→ **Given material**:
Start of Block
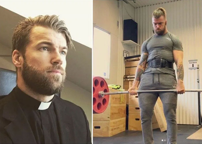 Entre las imágenes de Arngården oficiando bodas y posando con su alzacuellos en su parroquia aparecen los espectaculares fotos y vídeos de sus entrenamientos en el gimnasio.
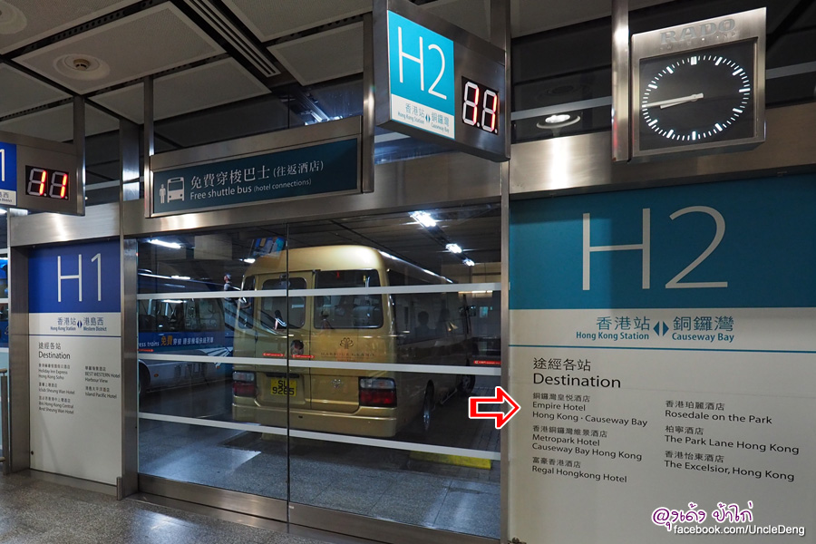 นั่ง Airport Express แล้วต่อด้วยรถรับส่งฟรี Free Shuttle Bus หมายเลข H2
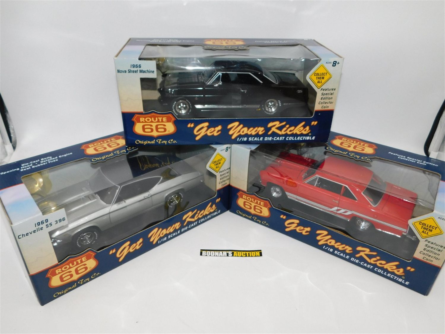 Lot of 3 Route 66 "Get Your Kicks" Original Toy Co. Diecast Cars including 1966 Pro Stock Nova, 1966 Nova Street Machine, and 1969 Chevelle SS 396. 1:18 Scale Diecast. Comes in Original Box. All invoices must be paid within 24 hours of the sale. All items are shipped USPS or UPS and will be billed separately. A $10 handling fee is added to the shipping price per lot. Local pickups are in our South Brunswick location on Friday, Saturday and Monday ONLY! All pickups are by appointment only. Any condition issues will be listed in the description. Please read the terms for full information.
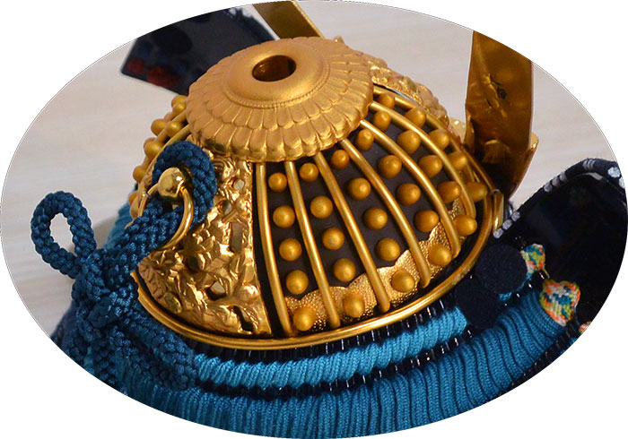 ◆日本の伝統食出る縹色(はなだいろ)と呼ばれる、中間色のブルー系の高級正絹糸を使用した兜。
End of Block
Exactly as written, copy out the listing, but without any pictures.

→ **Exercise solution**:
 Entre las imágenes de Arngården oficiando bodas y posando con su alzacuellos en su parroquia aparecen los espectaculares fotos y vídeos de sus entrenamientos en el gimnasio.
 นั่ง Airport Express แล้วต่อด้วยรถรับส่งฟรี Free Shuttle Bus หมายเลข H2
 Lot of 3 Route 66 "Get Your Kicks" Original Toy Co. Diecast Cars including 1966 Pro Stock Nova, 1966 Nova Street Machine, and 1969 Chevelle SS 396. 1:18 Scale Diecast. Comes in Original Box. All invoices must be paid within 24 hours of the sale. All items are shipped USPS or UPS and will be billed separately. A $10 handling fee is added to the shipping price per lot. Local pickups are in our South Brunswick location on Friday, Saturday and Monday ONLY! All pickups are by appointment only. Any condition issues will be listed in the description. Please read the terms for full information.
 ◆日本の伝統食出る縹色(はなだいろ)と呼ばれる、中間色のブルー系の高級正絹糸を使用した兜。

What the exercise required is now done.